Historian, James Holland: Ukraine can now isolate the battlefield. Anyone that moves gets killed. Supply lines attacked 25-50 miles behind the front — bridges, roads, assembly areas. Deep strikes into Russia's oil.
Putin can have a media blackout. He cannot hide that destruction. 1/
Holland on Crimea: Right now I can't see what will prevent Ukraine from regaining it. They're isolating Crimea — effectively besieged. Russians will have to give it up.
Putin's myth that Crimea has been "forever Russia" is nonsense. It's been Turkish too. It keeps changing hands. 2/
Holland: Putin is fatally wounded by what's happening in Ukraine. That battle is going to be lost for him. But that makes him very dangerous, he might do something to distract from failure.
A village grab in Estonia or Lithuania testing Article 5. Or cutting North Sea cables. 3X
Bolton: Iran and North Korea got the same Chinese nuclear weapon designs from A.Q. Khan. Same enrichment technology. Both programs share the same basis from the very beginning.
North Korea built a reactor clone in Syria's desert for Iran. Israel found and destroyed it in 2007 1/
Bolton: Iran is oil-rich and has no nuclear weapons. North Korea is one of the poorest countries on earth — it has detonated six nuclear devices.
How hard is it to imagine Iran contracts out its nuclear work to North Korea, under some mountain we can't see through? 2/
Bolton on the Strait of Hormuz: If Iran is not stopped now, they will turn access to the strait on and off like a light switch for as far as the eye can see.
Freedom of the seas has been a cornerstone of US foreign policy since before we were a country. This is unacceptable. 3X
Estonian PM Michal: Russia has more men under arms now than at the start of the war. What happens when fighting stops?

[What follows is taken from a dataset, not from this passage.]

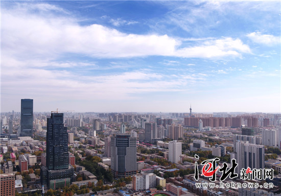 11月10日,石家庄市主城区在蓝天白云的映衬下显得分外美丽。(资料片) 记者田明 赵海江摄

They won't become teachers. They'll go to Europe, Asia, Africa. We had Wagner before and during the war. Do you want these people at home, in your country? 1/
Michal: If anyone thinks investing 5% of GDP in defense is easy, it's not. Takes a heavy toll on any government. But it has to be done.
Estonia is at 5.4% this year. Poland 5 to 6%. Latvia, Lithuania the same. We're showing that this is real money, real decisions, real steps. 2/
Michal: Europe used to think Russians were romantic people having tea from the samovar in furry hats, loving children.
Now they're killing their own and Ukrainians — civilians, women, children. Most European countries don't have this romantic attitude towards Russia anymore. 3X
Ex-US Ambassador to Ukraine, Taylor: While we weren't looking, Ukraine took the initiative. Taking more land back than Russia takes. More deep strikes into Russia than Russia fires into Ukraine.
Killing more Russians than Russia can recruit. That's the momentum shift. 1/
Taylor: Ukraine has cut off fuel and ammunition for the Russian military in Crimea. They're threatening the last connection — the Kerch Bridge — which Ukrainian drones can now take out.
They are the masters of the drones. And Crimea is being squeezed from every direction. 2/
Taylor: In 2014 when Russia first invaded, 97% of Ukraine's weapons came from abroad. They manufactured 3%. Today 70-80% of weapons on the battlefield are made in Ukraine.
Soviet heavy industry, including the missile industry, was in Ukraine. They draw on that expertise now. 3X
Hodges: Momentum has indisputably shifted to Ukraine. Ukrainians strike over 1,000 km deep with precision, bypassing Russian air defenses. Russians don't seem able to stop it.
In a country with more oil and gas than almost anyone on the planet — queues at gas stations. 1/
Hodges: Three effects. First — Russian people realize they've been lied to. Ukrainians are fighting ferociously and successfully. Russia's military has been stopped. Tourists in Crimea asking "what the hell's going on?"
That well of resilience is going to run dry. 2/
Hodges: Second — convoys can't move. Bridges into Crimea wrecked. Facilities on the peninsula destroyed. Crimea becoming untenable — not just for tourists, for the military.
Third — oil and gas exports to China, India dramatically reduced. Can't sustain the war economy. 3/
Ex-Ukrainian FM Prystaiko: Putin’s signal to his own people is: do not corner me, because I am dangerous and unpredictable.
But this signal is wearing out. Drones in Moscow and St. Petersburg show that the king is not dressed as well as he wants people to think.
1/
Prystaiko: From Poland’s point of view, Ukraine escalated. The problem is old; it is not about today’s Ukrainians or today’s government.
But Poland is strategically vital for our survival, and we still have not found a way to manage these risks and exit such crises.
2/
Prystaiko: Poland does not want radical escalation now. But if anti-Ukrainian moods help Nawrocki solve domestic problems and gain popularity, Poland may go another round.
Ukraine’s EU accession is not Poland’s priority; protecting its own market is.